The following is an overview of house bills sponsored by Roberto "Bobby" J. Gonzales (D-Taos) in the 2019 New Mexico legislative session.
HB 5: Education funding - Gonzales is one of six lawmakers sponsoring this bill that raises teacher salaries over four years and changes the school-funding formula. The bill passed the House Education Committee and is scheduled for a hearing in the House Appropriations and Finance Committee on Wednesday (Feb. 27).
HB 73: Exempt New Mexico from Daylight Savings Time - The bill would let the state opt out of Daylight Savings Time, like Arizona. The bill passed two House committees, and was approved by the House by a three-vote margin Feb. 19. It was sent to the Senate, though the Senate has passed a competing bill that would keep New Mexico on Daylight Savings time all year long. Regardless of how those future-looking bills play out, Daylight Savings Time starts March 10.
HB 75: Low-income Home Emergency Repairs - Gonzales' legislation would take $2 million out of the general fund for low-income people to make emergency home repairs, such as those needed due to a disaster, and for people with disabilities. The State Government, Elections and Indian Affairs Committee gave it a do-pass recommendation in late January, and it is now scheduled for the House Appropriations and Finance Committee.
HB 78: Commercial Motor Vehicle Inspection - This act would expand the scope of law enforcement duties when it comes to inspecting commercial vehicles under the Motor Vehicle Code. The relatively minor change to state statute was passed by the House 65 to 0. It's currently waiting to be heard by the Senate Public Affairs Committee.
HB 82: Home Rehab for Certain Veterans - Like HB 75, this legislation would put $2 million toward home repairs, except this would be for honorably discharged veterans of the military. It was given a do-pass recommendation by the House Labor, Veterans' and Military Affairs Committee and is now before the House Appropriations and Finance Committee.
HB 251: Higher Education Coordinating Council - By far one of the most popular of Gonzales' legislation this session, HB 251 would create a "coordinating council" for the Higher Education Department, replacing the advisory board. Rather than letting the department secretary (Taos' own Kate O'Neill) choose members, this act would designate specifically who would serve (secretaries of state departments and CEOs of different types of post-secondary schools). It passed two House committees, and the full House 67-0. It is before the Senate.
HB 295: Health Security Act - Sponsored by nine other legislators, this bill "proposes to create a program that ensures health care coverage to virtually all New Mexicans," according to a fiscal impact report. The highly complex bill got two do-pass recommendations from House committees, and is currently before the House Appropriations and Finance Committee.

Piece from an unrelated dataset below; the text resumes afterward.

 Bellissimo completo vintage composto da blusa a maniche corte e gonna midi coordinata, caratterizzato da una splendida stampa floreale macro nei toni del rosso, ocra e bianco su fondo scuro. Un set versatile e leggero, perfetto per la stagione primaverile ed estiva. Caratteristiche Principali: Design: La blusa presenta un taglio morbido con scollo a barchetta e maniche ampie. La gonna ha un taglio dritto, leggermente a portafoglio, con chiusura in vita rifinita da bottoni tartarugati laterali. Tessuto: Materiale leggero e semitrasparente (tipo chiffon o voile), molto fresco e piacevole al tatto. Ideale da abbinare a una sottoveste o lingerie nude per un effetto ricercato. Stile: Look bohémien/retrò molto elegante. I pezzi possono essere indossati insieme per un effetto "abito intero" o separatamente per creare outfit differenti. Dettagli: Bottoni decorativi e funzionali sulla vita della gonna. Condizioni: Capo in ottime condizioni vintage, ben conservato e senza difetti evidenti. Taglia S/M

HB 366: Wildlife Protection and Public Safety Act - This bill would outlaw trapping, snaring or poisoning wildlife on public lands, exempting authorized hunting, scientific research and other instances. Some version of the bill has passed two committees and is scheduled to go before the full House.

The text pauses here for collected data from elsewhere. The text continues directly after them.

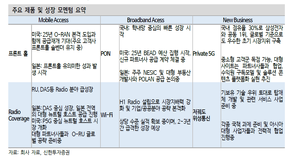 인 통신장비 이외의 위성, Private 5G 등 중장기 모멘텀도 충분
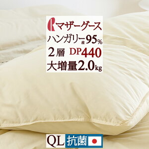 マザーグース 羽毛布団 クィーン 【西川掛布団カバー特典付】グース 大増量2.0kg クイーンサイズ ハンガリー産マザーグースダウン95% DP440 羽毛ふとん 超長綿 綿100% 抗菌 2層式 二層...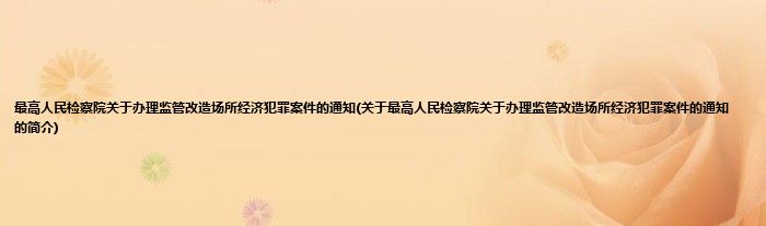 最高人民检察院关于办理监管改造场所经济犯罪案件的通知(关于最高人民检察院关于办理监管改造场所经济犯罪案件的通知的简介)
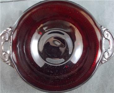 This distinctive pattern was produced by Anchor Hocking from 1936 through 1940 and is now discontinued. It features ruby colored depression glass.

HB 449: 5-year Literacy Initiative - This would put about $4 million toward the Northeast Regional Education Cooperative in Las Vegas, New Mexico, to boost literacy for both kids and adults. It was co-sponsored by Susan K. Herrera, also a Taos County legislator. It's received a do-pass recommendation and is now waiting to be heard by the House Appropriations and Finance Committee.
HB 505: Regional Housing Authority Changes - This would clean up the Regional Housing Law, specifically reducing the number of positions on each regional housing authority board (the Taos-area authority has a representative from more than a dozen counties, for example). It's gotten one thumbs-up, and is now before the House Local Government, Land Grants and Cultural Affairs Committee.

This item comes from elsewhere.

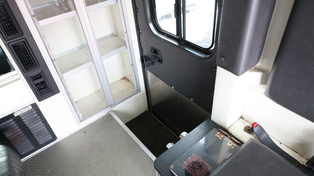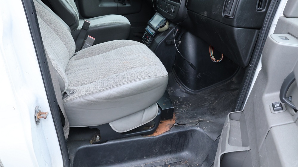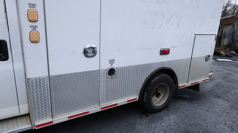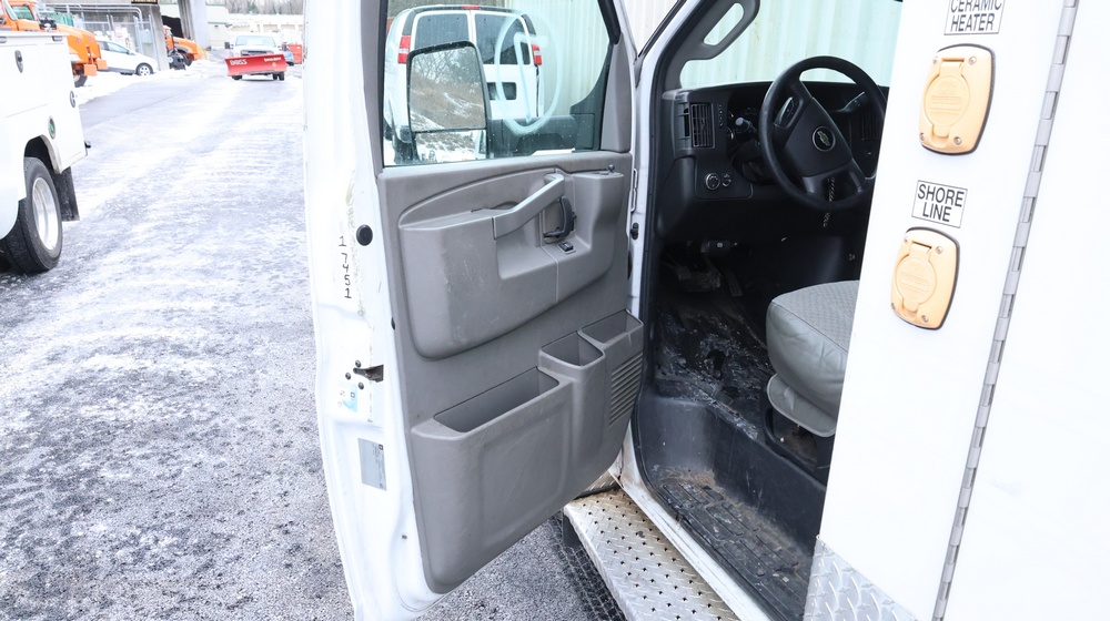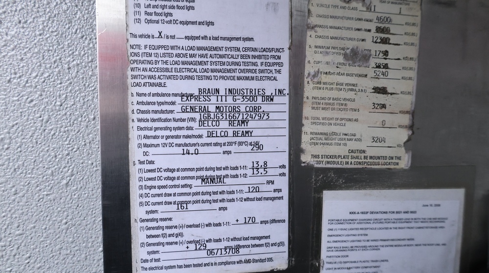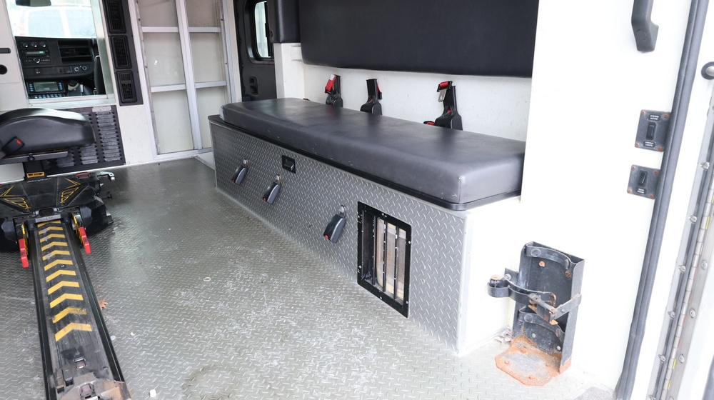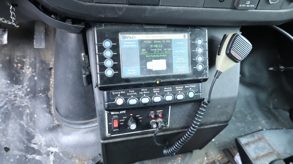 2017 Chevrolet Express G3500 cutaway ambulance with a 6.0L V8 gasoline engine. VIN: 1GB3GRCG7H1107451. Odometer reading: 138199. Body: Cutaway chassis fitted with an ambulance body manufactured by Braun Industries, Inc. Single rear wheel configuration. Roof-mounted emergency lighting, side utility compartments, rear double doors with chevron striping, and rear step bumper. Interior controls include HVAC, factory radio, automatic transmission selector, Whelen emergency control panel, radio microphone, auxiliary switches, and rear ambulance compartment with seating, storage cabinetry, and equipment mounts. Seller reports: Runs and drives, title and key available. Must be towed.

HB 517: Acequia and Community Ditch Fund - This would establish an "Acequia and Community Ditch Infrastructure Fund," to be administered by the Interstate Stream Commission. Matching funds and loans outlined in the bill would be par for the course for the financial help currently available to acequias. It got a do-pass recommendation from the Local Government, Land Grants and Cultural Affairs Committee and is currently before the House Appropriations and Finance Committee.